[[ EXERCISE MATERIAL open ]]

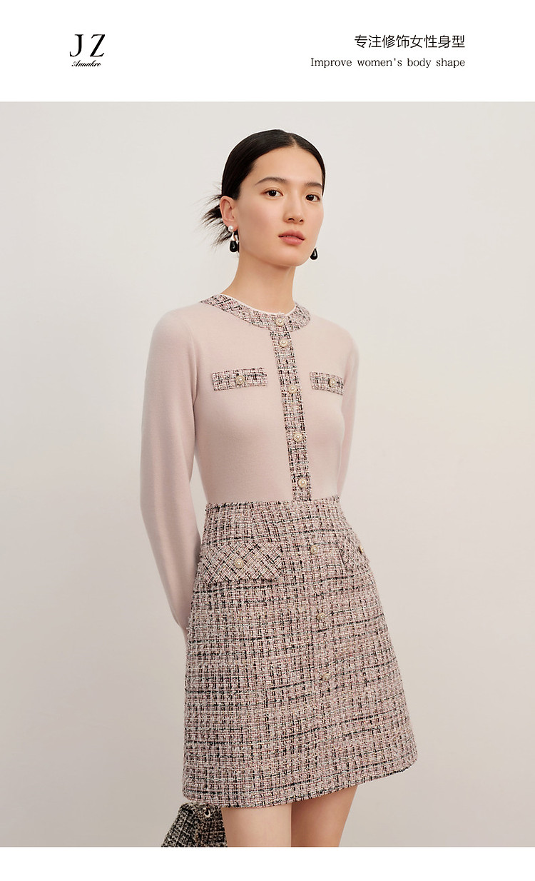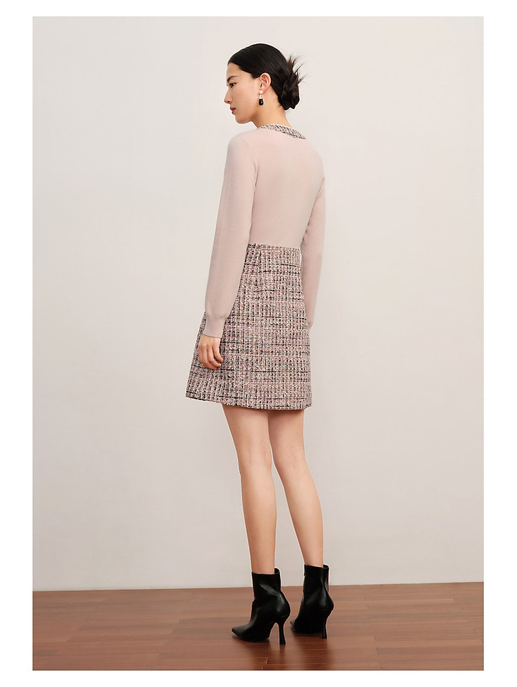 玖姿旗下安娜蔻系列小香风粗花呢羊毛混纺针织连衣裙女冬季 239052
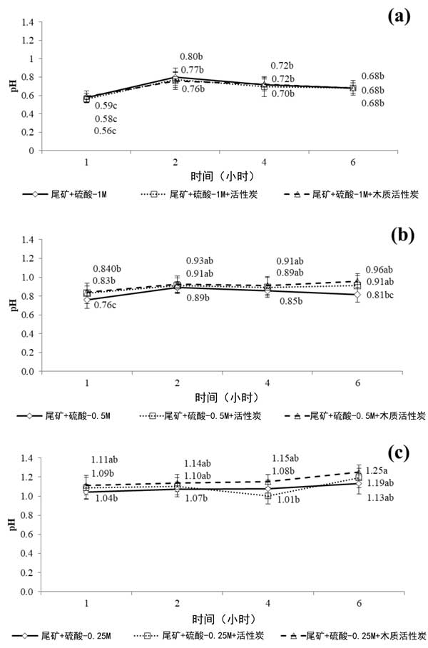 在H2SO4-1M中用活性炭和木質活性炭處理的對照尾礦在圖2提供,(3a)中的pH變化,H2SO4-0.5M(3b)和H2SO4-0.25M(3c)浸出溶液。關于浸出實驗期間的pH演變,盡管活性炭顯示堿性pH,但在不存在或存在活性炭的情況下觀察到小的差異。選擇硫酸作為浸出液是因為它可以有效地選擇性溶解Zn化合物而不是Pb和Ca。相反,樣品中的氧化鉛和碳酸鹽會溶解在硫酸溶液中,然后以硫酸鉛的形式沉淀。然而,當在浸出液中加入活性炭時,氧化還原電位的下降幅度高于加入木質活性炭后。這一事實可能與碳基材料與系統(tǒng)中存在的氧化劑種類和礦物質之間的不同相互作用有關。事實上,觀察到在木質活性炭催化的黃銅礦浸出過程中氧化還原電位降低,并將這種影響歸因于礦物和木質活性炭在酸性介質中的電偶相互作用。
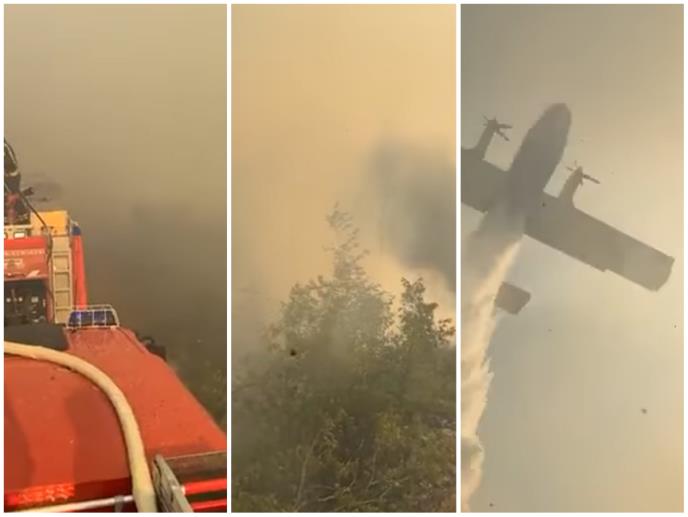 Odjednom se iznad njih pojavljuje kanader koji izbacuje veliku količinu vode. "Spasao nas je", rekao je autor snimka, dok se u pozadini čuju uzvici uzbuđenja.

[[ EXERCISE MATERIAL closed ]]
[[ EXERCISE MATERIAL open ]]

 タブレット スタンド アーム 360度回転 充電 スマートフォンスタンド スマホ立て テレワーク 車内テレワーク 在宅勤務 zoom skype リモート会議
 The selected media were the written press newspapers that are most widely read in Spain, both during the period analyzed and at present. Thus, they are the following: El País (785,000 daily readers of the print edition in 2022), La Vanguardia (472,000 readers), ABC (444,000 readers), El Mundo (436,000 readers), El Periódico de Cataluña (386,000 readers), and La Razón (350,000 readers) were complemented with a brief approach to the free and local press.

[[ EXERCISE MATERIAL closed ]]

*TASK OBJECTIVE:*
Above are records; repeat only the lines starting at the line with "タブレット スタンド アーム" and ending at the line with "The selected media", exactly as they appear, both included.

*ANSWER SECTION:*
 タブレット スタンド アーム 360度回転 充電 スマートフォンスタンド スマホ立て テレワーク 車内テレワーク 在宅勤務 zoom skype リモート会議
 The selected media were the written press newspapers that are most widely read in Spain, both during the period analyzed and at present. Thus, they are the following: El País (785,000 daily readers of the print edition in 2022), La Vanguardia (472,000 readers), ABC (444,000 readers), El Mundo (436,000 readers), El Periódico de Cataluña (386,000 readers), and La Razón (350,000 readers) were complemented with a brief approach to the free and local press.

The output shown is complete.